Bei den Rekordpreisen an den Tankstellen müssen wir den Menschen Sicherheit und Stabilität bei den Energiepreisen geben: Wenn wir da jetzt die Steueranteile rausnehmen und so weit wie möglich reduzieren, macht das rund 50 Cent pro Liter aus. In dieser Lage darf es kein Tabu geben.
Den Preis für diesen Krieg dürfen nicht Familien, Pendlerinnen und Pendler, Mieter und Arbeitnehmer und Unternehmen in Deutschland zahlen, sondern der Aggressor Putin. Je besser wir die Belastungen für unsere Bürger abfedern, desto größer werden auch unsere außenpolitischen Handlungsspielräume gegenüber Russland.
Nordrhein-Westfalen unterstützt die Sanktionen der Bundesregierung, der Europäischen Union, der westlichen Staatengemeinschaft voll und ganz. Es handelt sich um das härteste Sanktionspaket unserer Geschichte. Die Sanktionen sind ein deutliches Zeichen der Geschlossenheit der westlichen Wertegemeinschaft. Aber die Maßnahmen und mögliche Gegenmaßnahmen Russlands werden auch Auswirkungen auf die Wirtschaft bei uns in Nordrhein-Westfalen und auf unsere Energieversorgung haben. Wir werden alles tun, um die Versorgungssicherheit zu gewährleisten und die Auswirkungen auf Unternehmen, Arbeitsplätze und Haushalte möglichst gering zu halten und abzufedern. Die Sanktionen sollen Putin und seine Clique treffen, aber nicht die Menschen hier bei uns.

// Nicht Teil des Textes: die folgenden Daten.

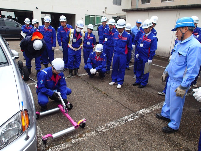 まず、防災エキスパートと職員が講師となって、災対法に基づく車両移動についての座学講義があり、その後、実際に車両移動装置を操作した車両移動の実働訓練を実施しました。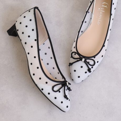 【26春夏新作】リボンモチーフ ドットチュールパンプス

Die Menschen in der Ukraine kämpfen mutig, tapfer und entschlossen für Frieden, Freiheit und für Demokratie – für die Ukraine und für Europa. Und damit kämpfen sie auch für uns. Wir stehen fest an ihrer Seite. Es braucht alle für den Frieden, doch es reicht einer für den Krieg. Putin und seine Militärmaschine können Städte in Trümmer legen, Menschen töten, aber sie können den Freiheitswillen der Menschen auf Dauer nicht brechen.
Noch eine letzte Anmerkung: Dieser Krieg ist Putins Krieg, nicht der Krieg der Russinnen und Russen. In Nordrhein-Westfalen leben etwa eine Million Menschen mit unmittelbaren familiären Bezügen zu den Staaten der ehemaligen Sowjetunion. Wir dürfen nicht zulassen, dass im Zuge des Krieges in unserem Land Diskriminierung und Übergriffe geschehen. Sehr viele Russinnen und Russen – ganz gleich, wo sie leben – lehnen diesen Krieg zutiefst ab.